You've essentially got the answer - no need for the factor of 0.5.

Essentially you have a two-dimensional system of first-order ODEs: \begin{align} \dot{x} & = v \\ \dot{v} & = \frac{F}{m}, \end{align} where everything is a function of time except presumably $m$, and dots denote time-derivatives. If you do a simple, forward-Euler-esque first-order differencing of these, you find \begin{align} \frac{x_{n+1}-x_n}{\Delta t} & = v_n \\ \frac{v_{n+1}-v_n}{\Delta t} & = \frac{F_n}{m}, \end{align} or \begin{align} x_{n+1} & = x_n + \Delta t \cdot v_n \\ v_{n+1} & = v_n + \Delta t \frac{F_n}{m}. \end{align} Here I'm indexing the timestep with $n$.

However, forward-Euler is inherently unstable. Fortunately, there's a symplectic method right around the corner. (That linked article is more of a stub, but it might contain some useful links.) The key is to advance positions from $t_n$ to $t_{n+1}$ using velocities at $t_{n+1/2}$. That is, suppose you were given $x_0$ and $v_{1/2}$ for each particle.

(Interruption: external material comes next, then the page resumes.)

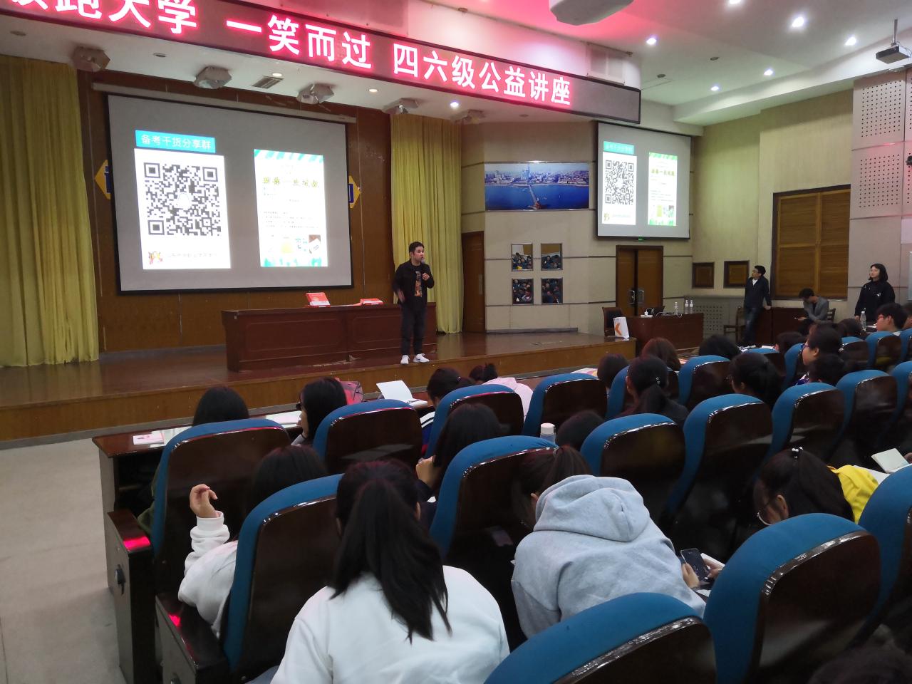 10月17日晚上,图书馆特邀新东方四六级英语学习金牌讲师曹林权在学术报告厅举办了以四六级备考为主题的讲座。全校400余名学生参加了此次讲座,共同聆听了曹林权对英语四六级考试的独特见解。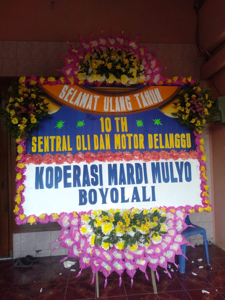 – Karangan bunga papan ukuran 2 × 1,25m.

Then you could use \begin{align} x_{n+1} & = x_n + \Delta t \cdot v_{n+1/2} \\ v_{n+1/2} & = v_{n-1/2} + \Delta t \frac{F_n}{m} \end{align} to integrate forward in time. This is known as the leapfrog method. With this, your system conserves an energy of a sort, and orbits are less likely to fly off to infinity or some such thing due to exponential growth of roundoff error.

The only catch is how to get $v_{1/2}$, since presumably you start with $v_0$. There you should just use as accurate a scheme as you are up to writing, fourth-order Runge-Kutta being a popular choice. It may be long-term unstable, but there's only so much error you'll introduce in half a timestep, and that error will be kept small afterward by the leapfrog scheme.

Finally, this answer applies to any general Newtonian gravity sim. If you really want perfect circles, as mentioned in passing in the question, then you won't get those except in an idealized system in which planets do not interact with each other and the initial conditions are chosen just right. If that's the case, then, you don't need to integrate at all, since the angular velocity (radians per unit time) of such an object is simply $$ \omega = \sqrt{\frac{GM}{r^3}}, $$ where $M$ is the mass of the central object and $r$ is the radius of the orbit. This can be used to test the accuracy of your simulation.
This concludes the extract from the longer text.